In this model, batch_size is set to 1, which means that in this model, each sensor is independent of each other, and the transfomer model is used for calculation respectively. The relationship between each sensor is not considered.

import argparse
# from train_teacher_forcing import *
from train_with_sampling import *
from DataLoader import *
from torch.utils.data import DataLoader
import torch.nn as nn
import torch
from helpers import *
from inference import *

def main(
    epoch: int = 1000,
    k: int = 60,
    batch_size: int = 1,
    frequency: int = 100,
    training_length = 48,
    forecast_window = 24,
    train_csv = "train_dataset.csv",
    test_csv = "test_dataset.csv",
    path_to_save_model = "save_model/",
    path_to_save_loss = "save_loss/", 
    path_to_save_predictions = "save_predictions/", 
    device = "cpu"
):

    clean_directory()

    train_dataset = SensorDataset(csv_name = train_csv, root_dir = "Data/", training_length = training_length, forecast_window = forecast_window)
    train_dataloader = DataLoader(train_dataset, batch_size=1, shuffle=True)
    test_dataset = SensorDataset(csv_name = test_csv, root_dir = "Data/", training_length = training_length, forecast_window = forecast_window)
    test_dataloader = DataLoader(test_dataset, batch_size=1, shuffle=True)

    best_model = transformer(train_dataloader, epoch, k, frequency, path_to_save_model, path_to_save_loss, path_to_save_predictions, device)
    inference(path_to_save_predictions, forecast_window, test_dataloader, device, path_to_save_model, best_model)
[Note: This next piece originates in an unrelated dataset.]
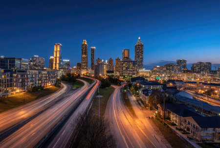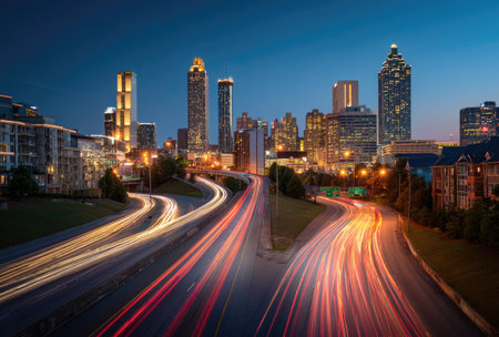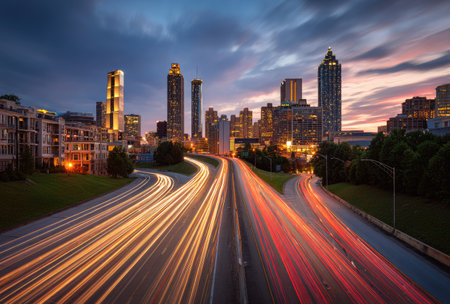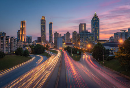 An urban scene depicts a city skyline at dusk, with light trails from vehicle traffic. The composition reveals a highway leading into the heart of the city, framed by illuminated buildings. The image exhibits a color palette of warm and cool tones. It could be useful for marketing, editorial content, or design projects.
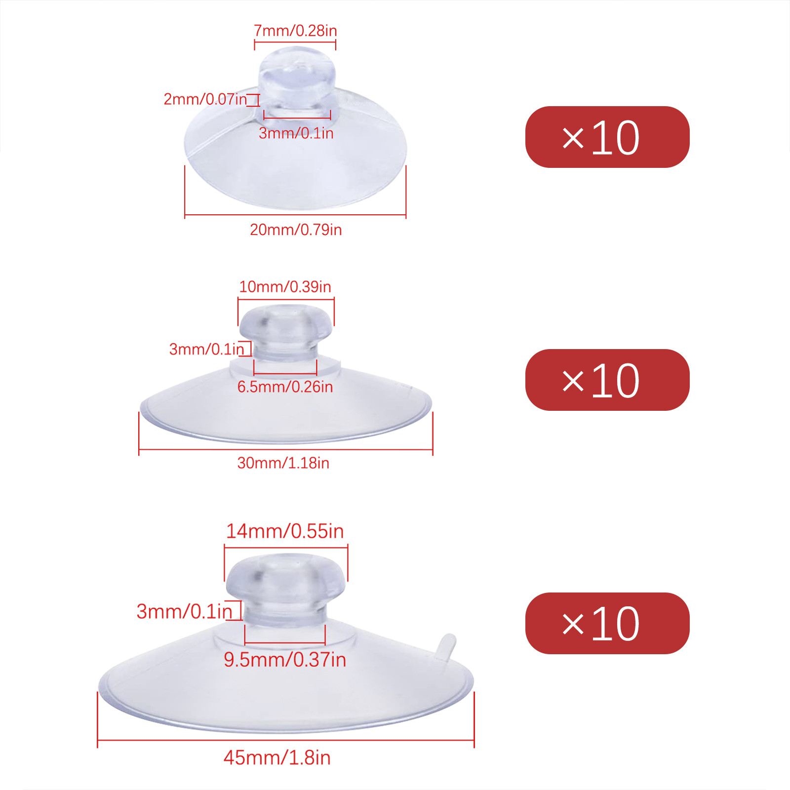 Присоски в 3 размерах-10x45 мм, 10x30 мм, 10x20 мм в общей сложности для 30 присосок, каждая в форме грибной головки

if __name__ == "__main__":
    parser = argparse.ArgumentParser()
    parser.add_argument("--epoch", type=int, default=1000)
    parser.add_argument("--k", type=int, default=60)
    parser.add_argument("--batch_size", type=int, default=1)
    parser.add_argument("--frequency", type=int, default=100)
    parser.add_argument("--path_to_save_model",type=str,default="save_model/")
    parser.add_argument("--path_to_save_loss",type=str,default="save_loss/")
    parser.add_argument("--path_to_save_predictions",type=str,default="save_predictions/")
    parser.add_argument("--device", type=str, default="cpu")
    args = parser.parse_args()

    main(
        epoch=args.epoch,
        k = args.k,
        batch_size=args.batch_size,
        frequency=args.frequency,
        path_to_save_model=args.path_to_save_model,
        path_to_save_loss=args.path_to_save_loss,
        path_to_save_predictions=args.path_to_save_predictions,
        device=args.device,
    )